TakeEmployeeDelegate tpd = TakePerson;

we'll that's bizarre, there's no compile time exception, we know that an employee is a person, so our first try with TakeEmployee makes sense, but we know that a Person isn't necessarily an employee so it's kind of unexpected that we can assign our TakePerson method to our TakeEmployeeDelegate. however just because we can assign a method to a delegate doesn't mean we can pass in a person.

class Program
{
    delegate void TakeEmployeeDelegate(Employee emp);

    static void TakeEmployee(Employee e) { Console.WriteLine(e.Name); }
    static void TakePerson(Person p) { Console.WriteLine(p.Name); }

    static void Main(string[] args)
    {
        TakeEmployeeDelegate ted = TakeEmployee;
        ted.Invoke(new Employee { Name = "pawel" });

        TakeEmployeeDelegate tpd = TakePerson;
        tpd.Invoke(new Employee { Name = "Tomek" });
    }

}

we are still restricted to passing an employee to our instance of TakeEmployeeDelegate, however it's contravariance that allows us to assign a method that takes base type as a parameter to a delegate that expects a derived type.

more or less since we know that an Employee will always be a Person, when we assign a method or function that expects a Person as a parameter to a delegate that expects an "Employee" as a parameter, the compiler says, "YEA BUDDY" because we know that later when we pass an Employee in it'll definitely be a Person since it inherits from one, however since the delegate restricts the type to Employee, we can only pass types that are or inherit from employee, but we can treat them as the "Person" type, because we know that Employee is a Person.

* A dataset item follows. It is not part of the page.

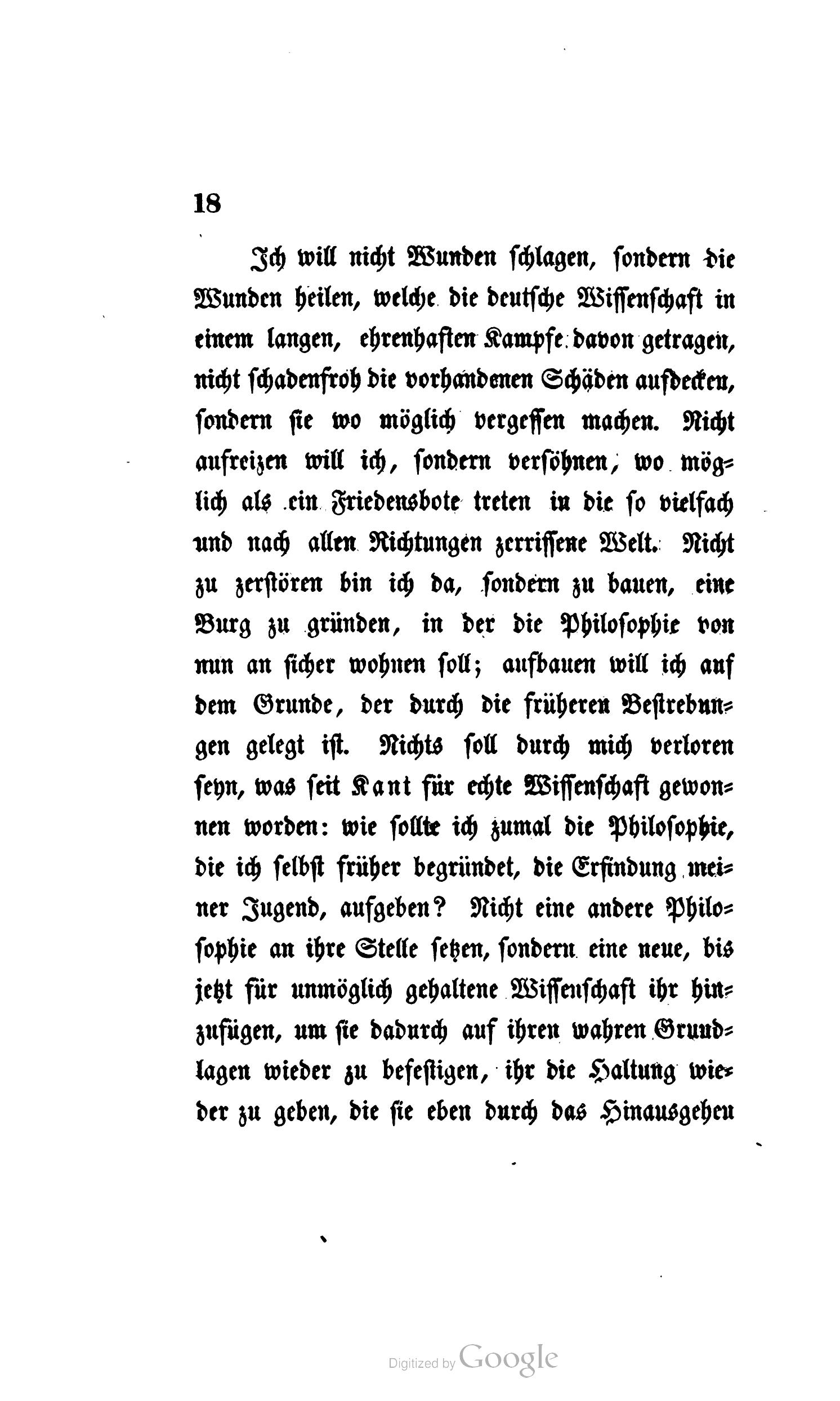 Ich will nicht Wunden schlagen, sondern die Wunden heilen, welche die deutsche Wissenschaft in einem langen, ehrenhaften Kampfe davon getragen, nicht schadenfroh die vorhandenen Schäden aufdecken, sondern sie wo möglich vergessen machen. Nicht aufreizen will ich, sondern versöhnen, wo möglich als ein Friedensbote treten in die so vielfach und nach allen Richtungen zerrissene Welt. Nicht zu zerstören bin ich da, sondern zu bauen, eine Burg zu gründen, in der die Philosophie von nun an sicher wohnen soll; aufbauen will ich auf dem Grunde, der durch die früheren Bestrebungen gelegt ist. Nichts soll durch mich verloren seyn, was seit Kant für echte Wissenschaft gewonnen worden: wie sollte ich zumal die Philosophie, die ich selbst früher begründet, die Erfindung meiner Jugend, aufgeben? Nicht eine andere Philosophie an ihre Stelle setzen, sondern eine neue, bis jetzt für unmöglich gehaltene Wissenschaft ihr hinzufügen, um sie dadurch auf ihren wahren Grundlagen wieder zu befestigen, ihr die Haltung wieder zu geben, die sie eben durch das Hinausgehen über ihre natürlichen Grenzen – eben dadurch verloren hat, daß man etwas, das nur Bruchstück eines höheren Ganzen seyn konnte, selbst zum Ganzen machen wollte – dieß ist die Aufgabe und die Absicht.
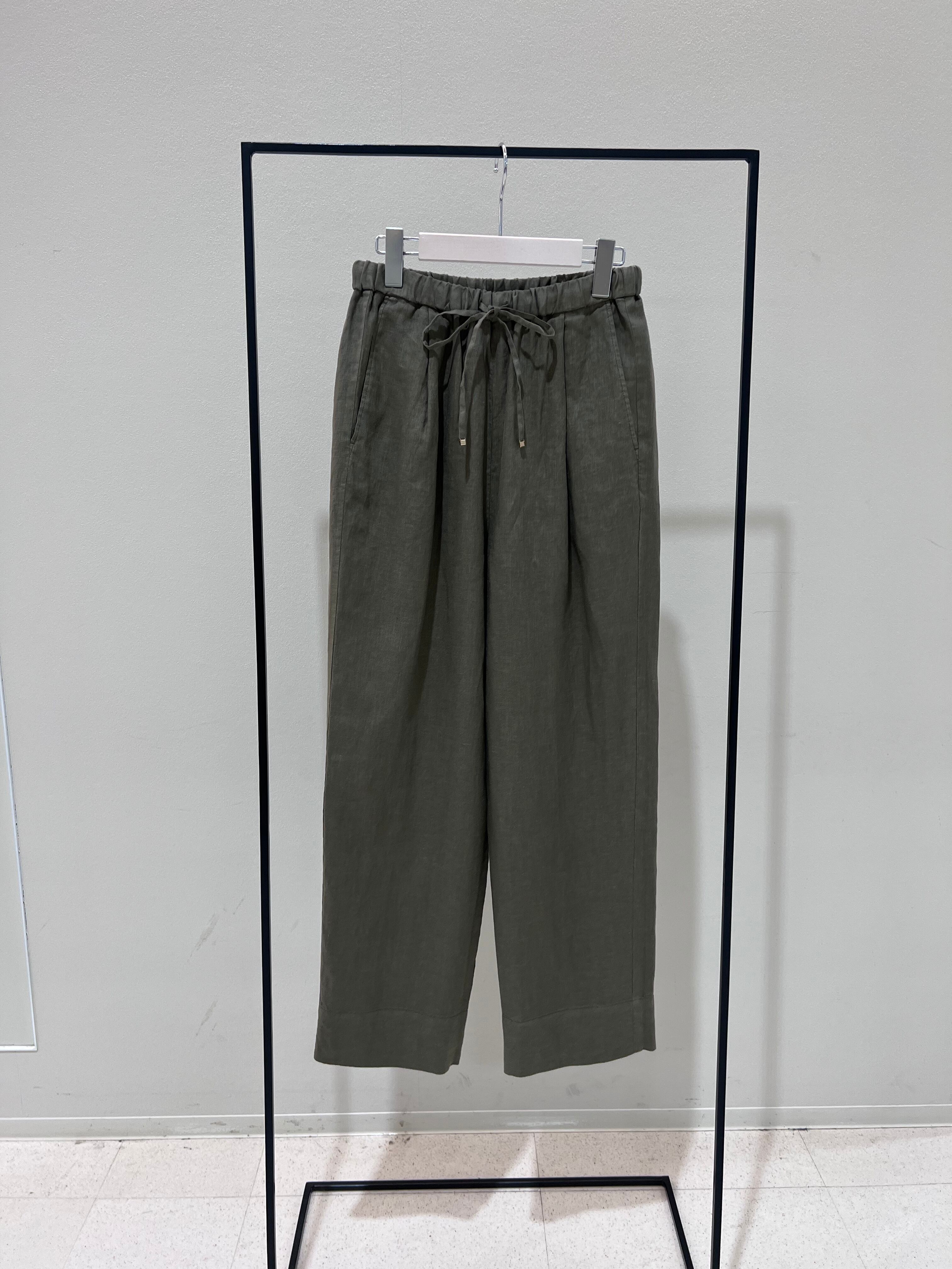 リネン100%素材を製品染め、フィム加工(麻の繊維を砕く加工)を施すことで柔らかな独特な風合いになり、履き心地抜群のイージーパンツです。

now let's take a look at a slightly less contrived and a vaguely more realistic example

class Person
{
    static int runningId = 0;
    public int Id { get; protected set; } = runningId++;
    public string Name { get; set; }
}

class Employee : Person, ICloneable
{
    public override string ToString() { return $"Employee {Name}"; }
    public object Clone() {
        return new Employee { Id = this.Id, Name = this.Name };
    }
}
class Teacher : Employee
{
    public override string ToString() { return $"Teacher {Name}"; }
}

class PeopleComparer: IEqualityComparer<Person>
{
    public bool Equals(Person x, Person y) { return x.Id == y.Id; }

    public int GetHashCode(Person obj) { return obj.Id; }
}

class Program
{
    static void Main(string[] args)
    {
        var t1 = new Teacher { Name = "Nicole" };
        var t2 = new Teacher { Name = "Daniela" };
        var e1 = new Employee { Name = "Ian" };
        var e2 = new Employee { Name = "Tomek" };
        var e3 = new Employee { Name = "Pawel" };
        var e4 = e1.Clone() as Employee;
        var e5 = t1.Clone() as Employee;

        var Employees = new List<Employee>(new Employee[] { t1, t2, e1, e2, e3, e4, e5 });

        var distinctEmps = Employees.Distinct<Employee>(new PeopleComparer()).ToList();
    }

}

since we know that teachers are always employees we can store both of them in a list of employees, now we can create a PeopleComparere that lets us know if two Person instances are equal, it does this by comparing hashcodes, and if objects have equal hashcodes then they're compared via the equal function.

now our PeopleComparer expects a Person as an input but the distinct function on our employees list expects to use an EmployeeComparere that implements IEqualityComparer<Employee> so we are using a base type when we are expecting a derived type.

the compiler is saying I'm expecting a comparer that compares Employees, but since employees are people, a Comparer that compares people will work aswell.

The take away: contravariece has to do with parameters, it lets you use a base type when a derived type is expected.